Anyway, the two trends are these: 1) more and more people and their survivors hold the celebrations / remembrances not in funeral homes or churches but in bars and restaurants. A lot of Hickory Taverns; and 2) more and more people define their lives by and wish to be remembered by … their teams. The Panthers, the Steelers, the Cowboys, the Tar Heels, Team Earnhardt, the Tar Heels, the Hornets, and did I mention some Tar Heel fans? On the one hand, I suppose those are nice memories … I might well be remembered with some lines about “he loved to watch Roger Federer play tennis and listen to Don Henley sing songs.” Yet on the other hand I suspect that that’s not all it will say and it will be a bit more comprehensive for many of you as well. The obits getting my attention these days … that’s all. That’s it. Lives built on and remembered for fandom. Interesting that in the one thing in daily life that looks headlong into what is eternal – life after death – so many obit are chock full of what is temporary.

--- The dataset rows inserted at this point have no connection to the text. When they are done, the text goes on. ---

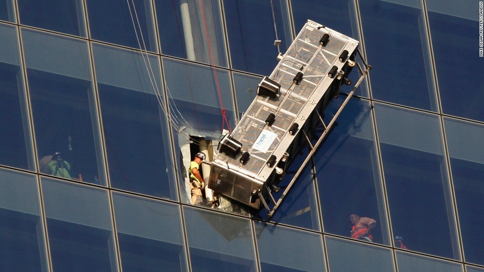 Lực lượng cứu hộ New York cắt kính bao quanh tòa nhà Trung tâm Thương mại Thế giới mới được khánh thành để giải cứu hai công nhân vệ sinh bị mắc kẹt hôm 12/11. Tòa nhà mọc lên ở khu vực tháp đôi Trung tâm Thương mại Thế giới bị đánh sập trong vụ khủng bố ngày 11/9/2001. Hai công nhân vệ sinh mắc kẹt ở tầng thứ 69 của tòa nhà. Ảnh: Reuters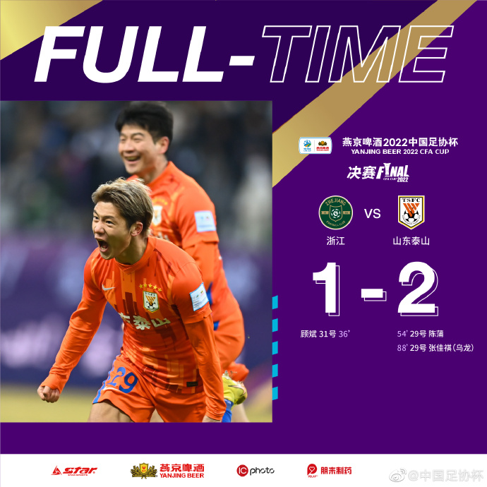 足协杯-山东泰山绝杀2-1逆转浙江夺冠 连续三年夺足协杯冠军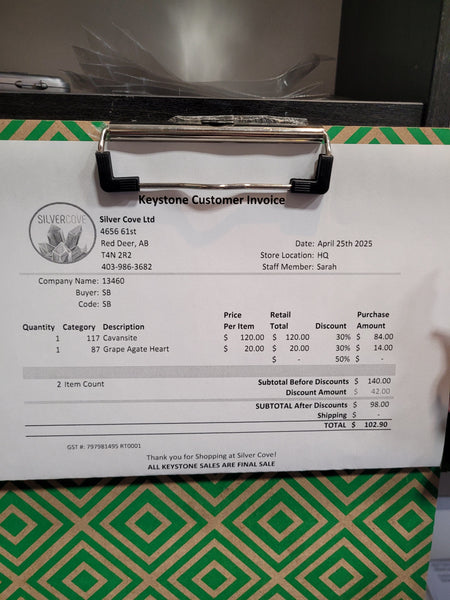 The total is already discounted with any sales you received, and you invoice is ready for check out. All you need to do is add it to your cart, along with any other items you would like to purchase and we will get your treasures on the way!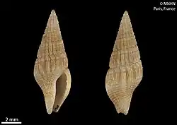| Shell of Metulella columbellata (specimen at MNHN, Paris) | |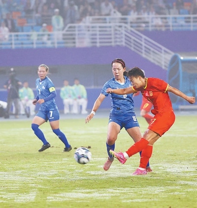 9月22日,亞運(yùn)女足小組賽,中國女足以16∶0戰(zhàn)勝蒙古國女足。圖為隊員在比賽中。本報記者 張武軍攝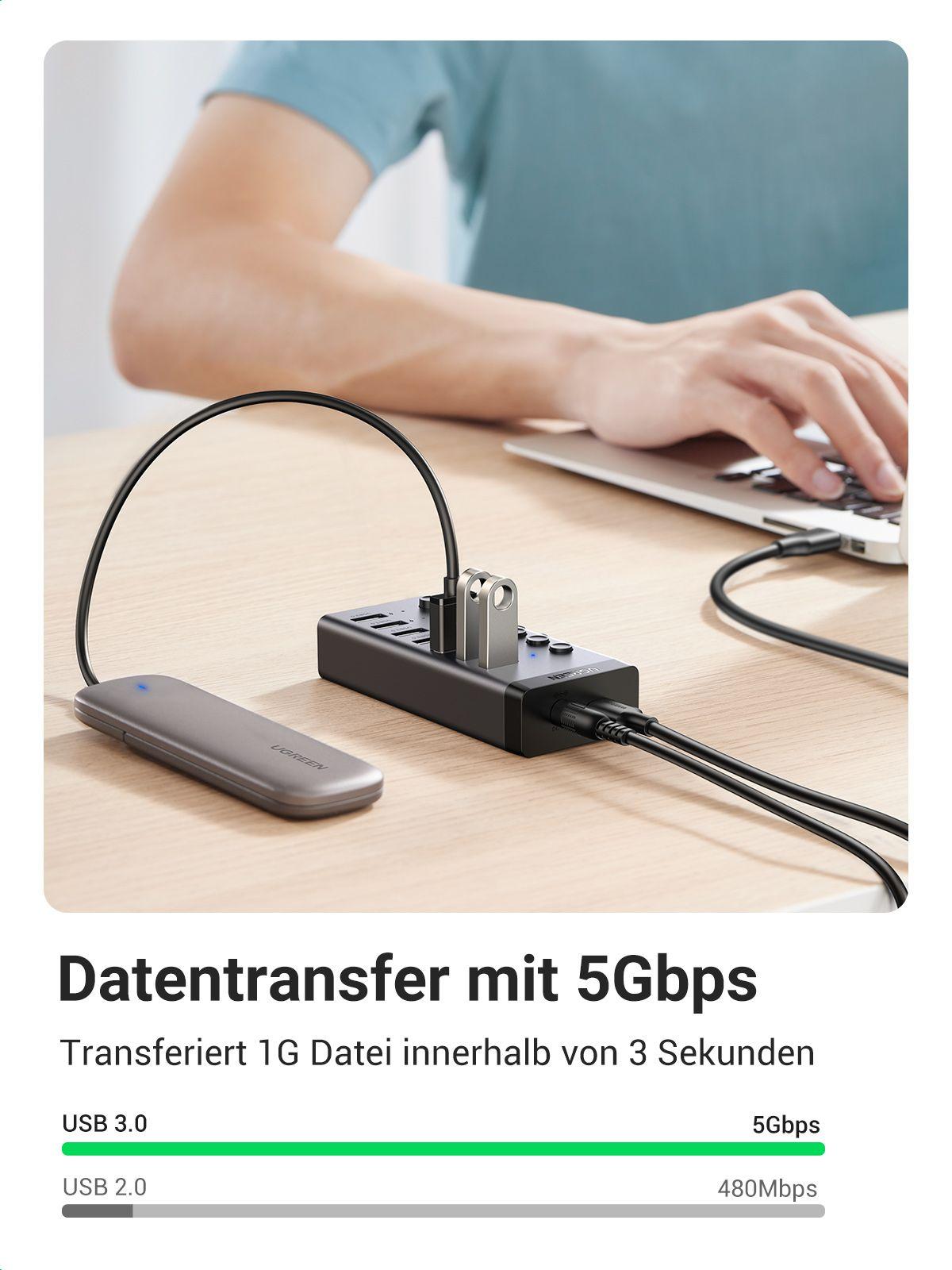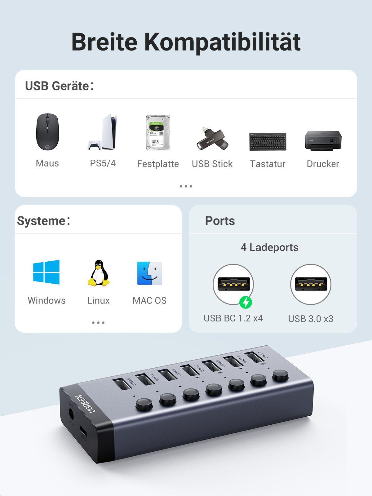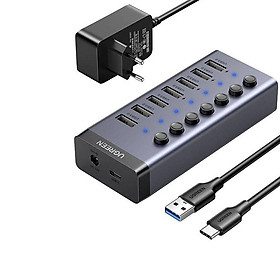 ✨Ugreen UG90307CM481TK hub ra 7 cổng USB 3.0 + Adapter 12v-2A có hỗ trợ truyền dữ liệu và sạc có kèm dây USB type C chuẩn cắm EU chân tròn Bộ chia Màu Xám - HÀNG CHÍNH HÃNG

It seems to be that way with a lot of life, doesn’t it? We pile on so much of what is here and what is now – jobs, family, sports, travel, entertainment – that we squeeze out there and then. And most of the time church people don’t even realize that’s what we’re doing. I sense that so many people – including in here – are distracted, controlled by what is urgent, lured by what is convenient, and so build our lives on that. For some of you it’s that relationship. It may be toxic, it may be destructive, you may even be trapped in an endless loop of abuse, but you feel incomplete without it. And even against your better judgment, you’re building your life on it. Someone else here, it’s more the job … it defines you, it makes you, you are what you do. If you ever lose that job or retire from it, you won’t be anymore.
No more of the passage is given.